**Data excerpt**
^^^^^^^^

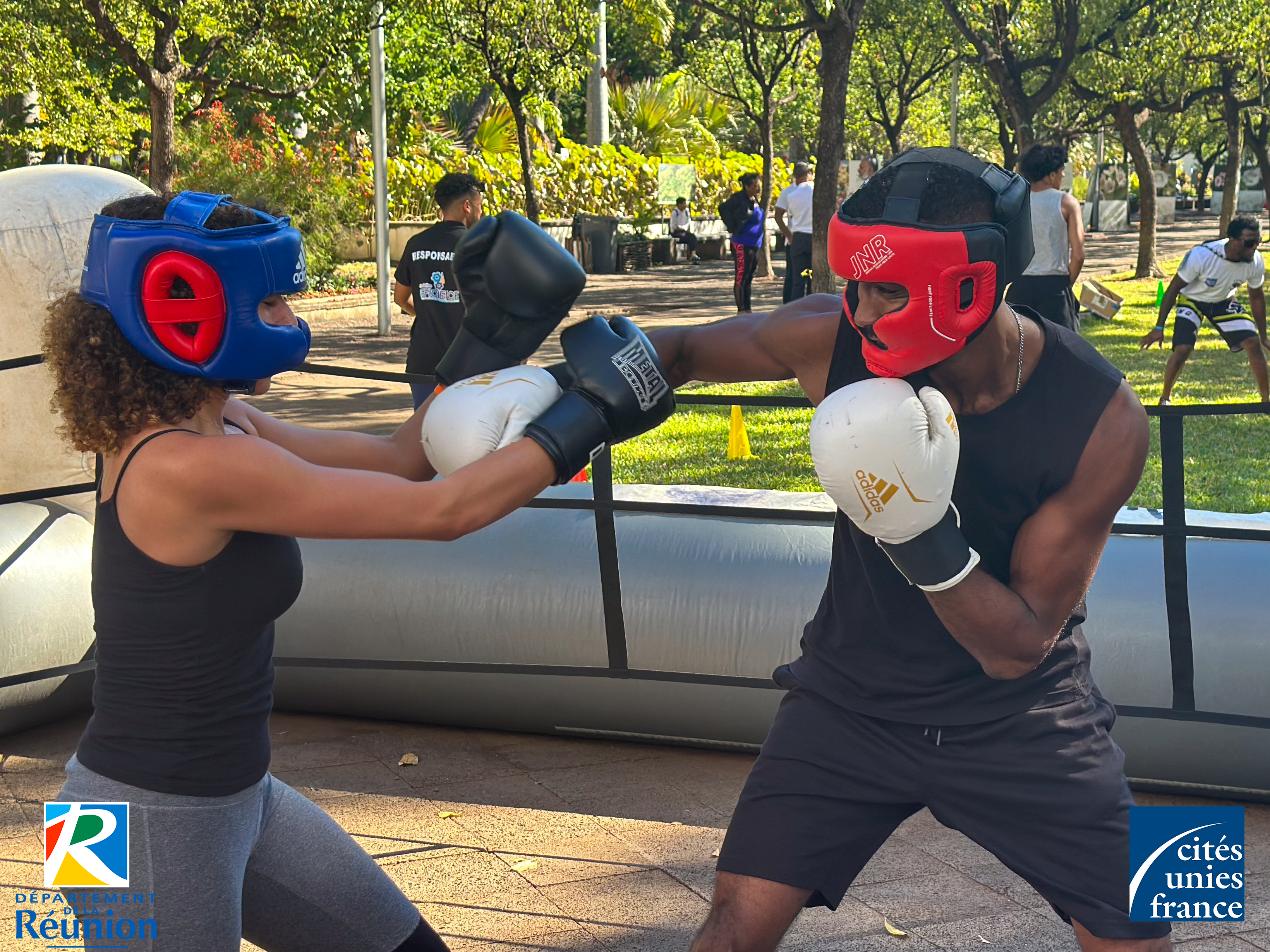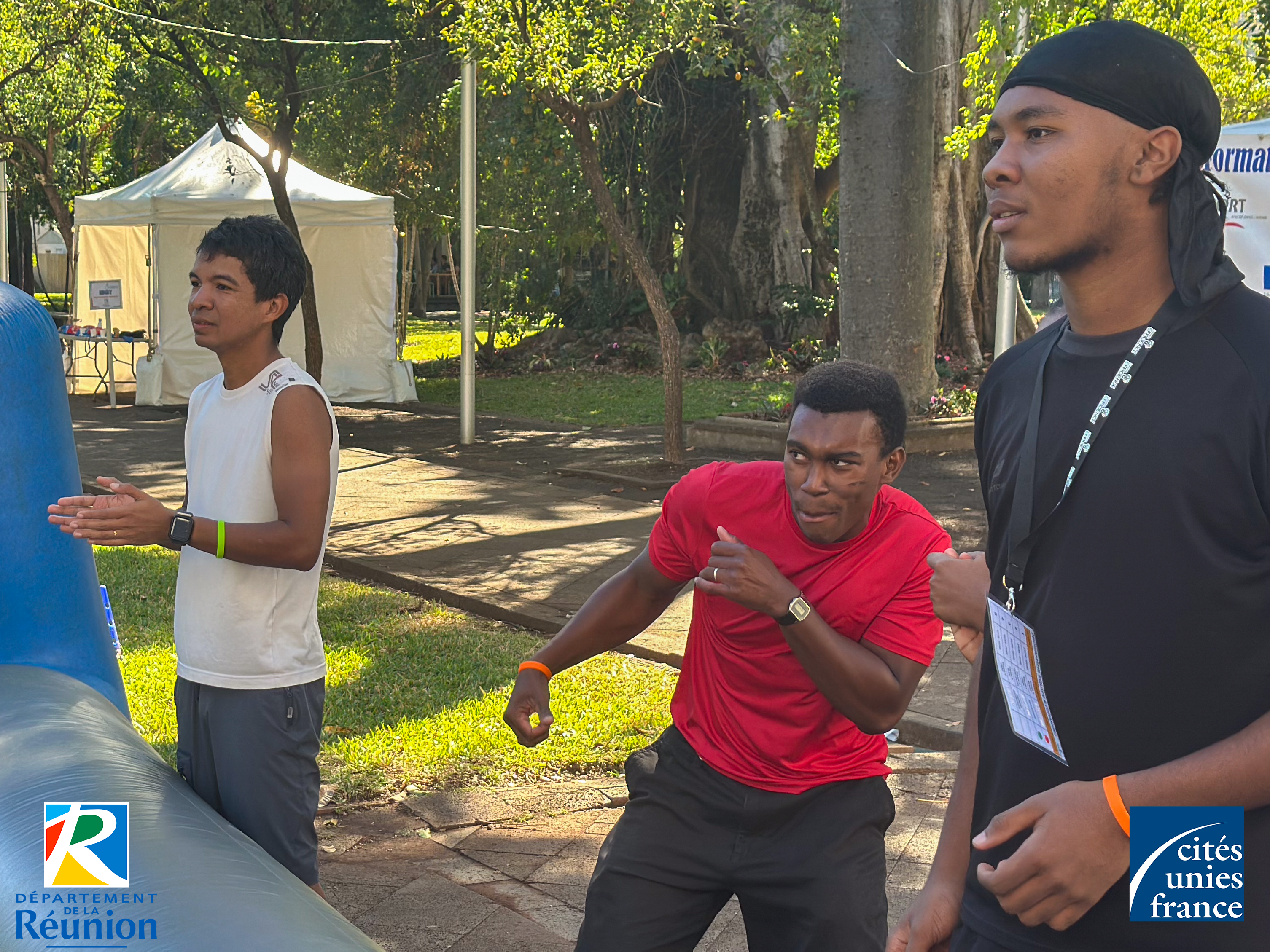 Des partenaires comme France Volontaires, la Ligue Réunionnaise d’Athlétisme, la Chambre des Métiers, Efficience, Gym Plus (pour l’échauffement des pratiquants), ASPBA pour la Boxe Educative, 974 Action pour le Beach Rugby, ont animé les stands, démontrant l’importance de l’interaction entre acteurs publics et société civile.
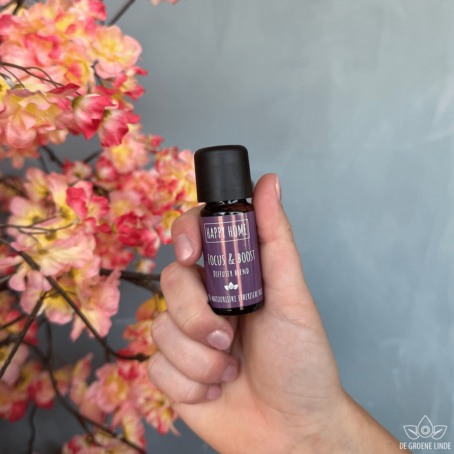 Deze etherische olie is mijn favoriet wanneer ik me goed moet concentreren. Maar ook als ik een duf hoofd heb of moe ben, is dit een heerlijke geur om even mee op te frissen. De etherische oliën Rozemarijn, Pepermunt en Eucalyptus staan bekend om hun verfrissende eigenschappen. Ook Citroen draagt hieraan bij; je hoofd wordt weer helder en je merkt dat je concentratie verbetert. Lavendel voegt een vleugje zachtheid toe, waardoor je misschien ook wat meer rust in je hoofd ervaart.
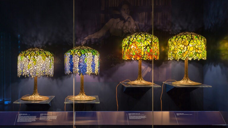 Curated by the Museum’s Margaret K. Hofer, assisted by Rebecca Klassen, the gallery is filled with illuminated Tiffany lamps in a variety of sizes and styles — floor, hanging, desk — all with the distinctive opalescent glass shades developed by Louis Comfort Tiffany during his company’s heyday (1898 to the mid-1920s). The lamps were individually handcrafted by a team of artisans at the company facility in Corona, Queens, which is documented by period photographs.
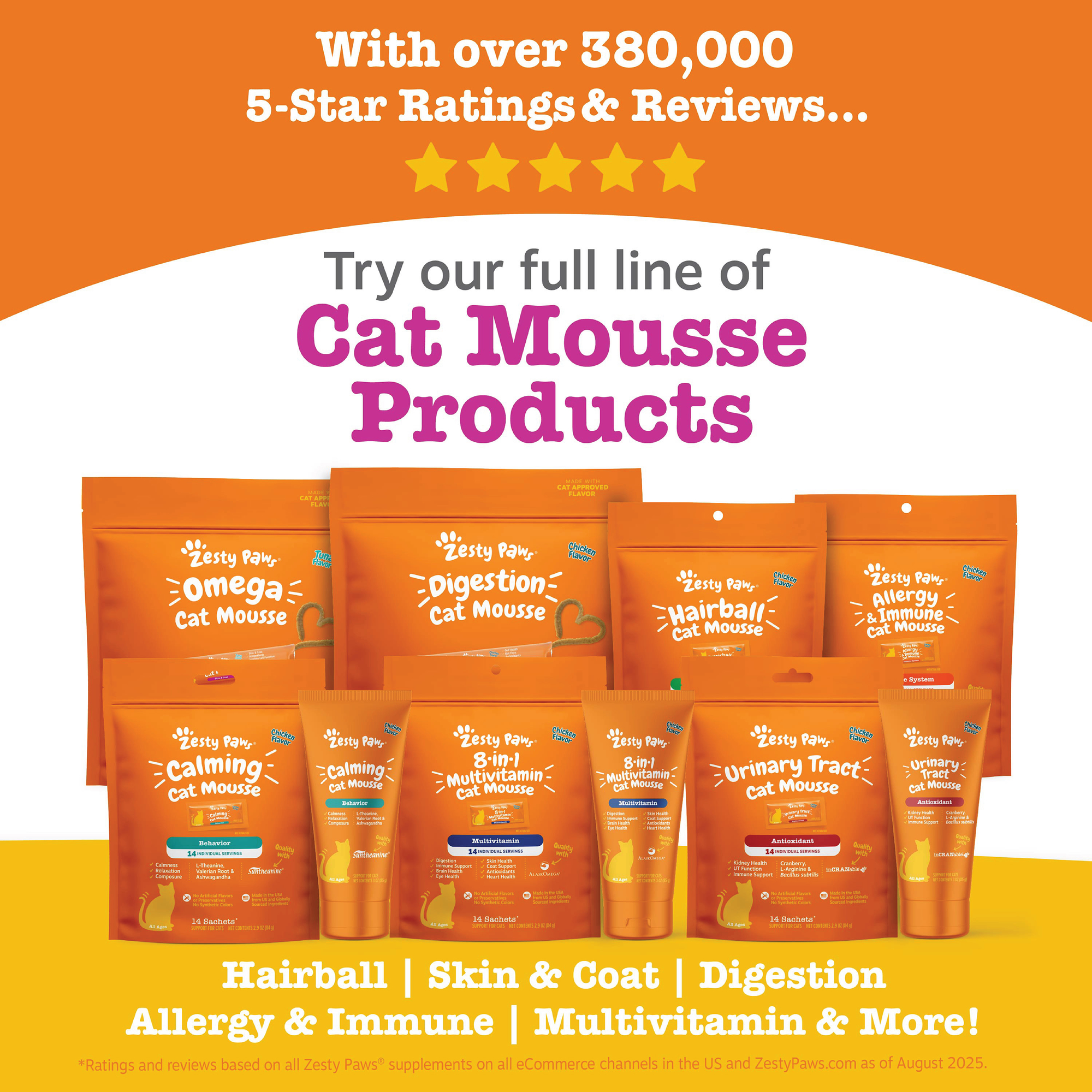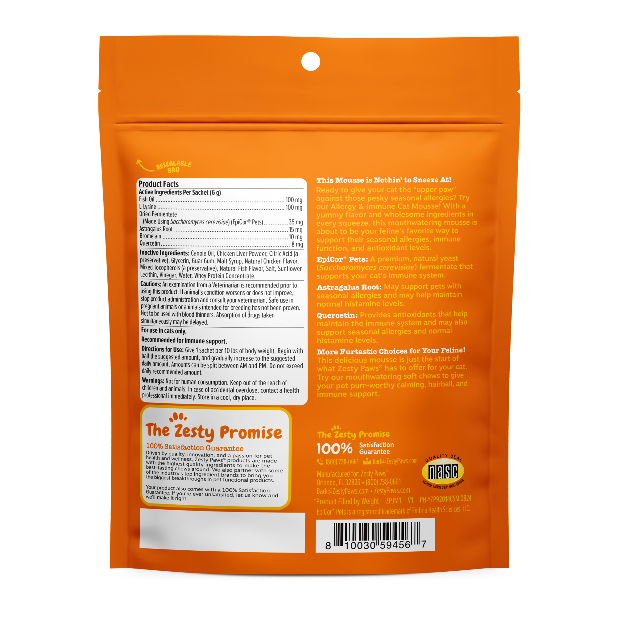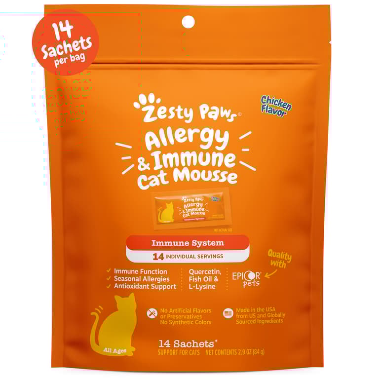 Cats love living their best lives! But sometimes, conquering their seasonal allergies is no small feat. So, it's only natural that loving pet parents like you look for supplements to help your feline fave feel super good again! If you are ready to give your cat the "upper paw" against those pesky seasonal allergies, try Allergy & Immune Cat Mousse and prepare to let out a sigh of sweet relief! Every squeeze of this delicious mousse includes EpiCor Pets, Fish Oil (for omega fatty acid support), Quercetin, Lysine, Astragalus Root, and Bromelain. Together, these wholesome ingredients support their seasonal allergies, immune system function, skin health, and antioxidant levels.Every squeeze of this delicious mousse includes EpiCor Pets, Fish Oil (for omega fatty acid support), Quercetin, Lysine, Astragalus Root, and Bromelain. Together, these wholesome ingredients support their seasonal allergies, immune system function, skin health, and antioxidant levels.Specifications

^^^^^^^^

**Work instructions**
Leave out the pictures and repeat the lines from the start of the material through the line with "Deze etherische olie", inclusive.

**The completed task**
 Des partenaires comme France Volontaires, la Ligue Réunionnaise d’Athlétisme, la Chambre des Métiers, Efficience, Gym Plus (pour l’échauffement des pratiquants), ASPBA pour la Boxe Educative, 974 Action pour le Beach Rugby, ont animé les stands, démontrant l’importance de l’interaction entre acteurs publics et société civile.
 Deze etherische olie is mijn favoriet wanneer ik me goed moet concentreren. Maar ook als ik een duf hoofd heb of moe ben, is dit een heerlijke geur om even mee op te frissen. De etherische oliën Rozemarijn, Pepermunt en Eucalyptus staan bekend om hun verfrissende eigenschappen. Ook Citroen draagt hieraan bij; je hoofd wordt weer helder en je merkt dat je concentratie verbetert. Lavendel voegt een vleugje zachtheid toe, waardoor je misschien ook wat meer rust in je hoofd ervaart.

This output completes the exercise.